Histological examination showed that the inflammation degree was higher in the control group (Mean = 3.333±0.3333) than the group A (Mean = 2.333±0.3333). In the control group, severe inflammatory lesion was observed as an abscess in one third of the coronary pulp area, while in the 10-day cell group, polymorphonuclear leukocytes (acute) or mononuclear lymphocytes (chronic) were observed at the transplant site. So, there was no significant difference between two groups in terms of inflammation (P value = 0. 1012). According to comparison result in each group (Table 1), with time passing, there was no significant difference in inflammation rate in the control group (P value = 0.5185). In the group A, the inflammation rate decreased with time passing but it wasn’t statistically significant differences (P value=0.3739). In the 3rd day, both groups had no significant difference in inflammation (P value = 0.3739). In the 10th day the inflammation rate in group A was less than control group but there is no statistically significant differences (P value=0.1012).

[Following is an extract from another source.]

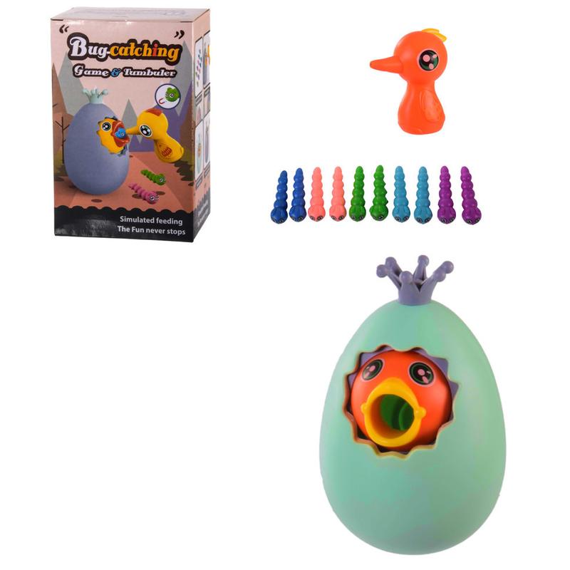Яйцо с дятлами и магнитными червячками. Взрослый дятел клювом достает червей, магнит хорошо держит и кормит ими птенца. Чем полезна эта игра? Развитие мелкой моторики рук. Тренировка системы рука-глаз. Закрепляем названия цветов червей и находим червячков одинакового цвета. Комлектация: - дятел - яйцо - гусеницы 10 шт Также игрушку можно использовать как копилку. Размер игрушки: 8.5 х 8.5 х 14 см Размер упаковки: 11 х 9 х 17 см Упаковка: коробка. Возраст: от 3 лет

Comparison of the group B and the control group according to the inflammation degree after 3 days

Based on the inflammation scoring, the rate of inflammation in the case group B with DPSCs+HA transplantation at 3 days (Mean = 1.667±0.3333) was less than the control group (Mean = 3.667±0.3333) and in the control group the pulp was completely necrosed. So the difference was statistically significant (P value = 0.0132) (Table 1). In the group B, it was observed some polymorphonuclear leukocytes (acute) or mononuclear lymphocytes (chronic) at the surgical sites (Figure 6).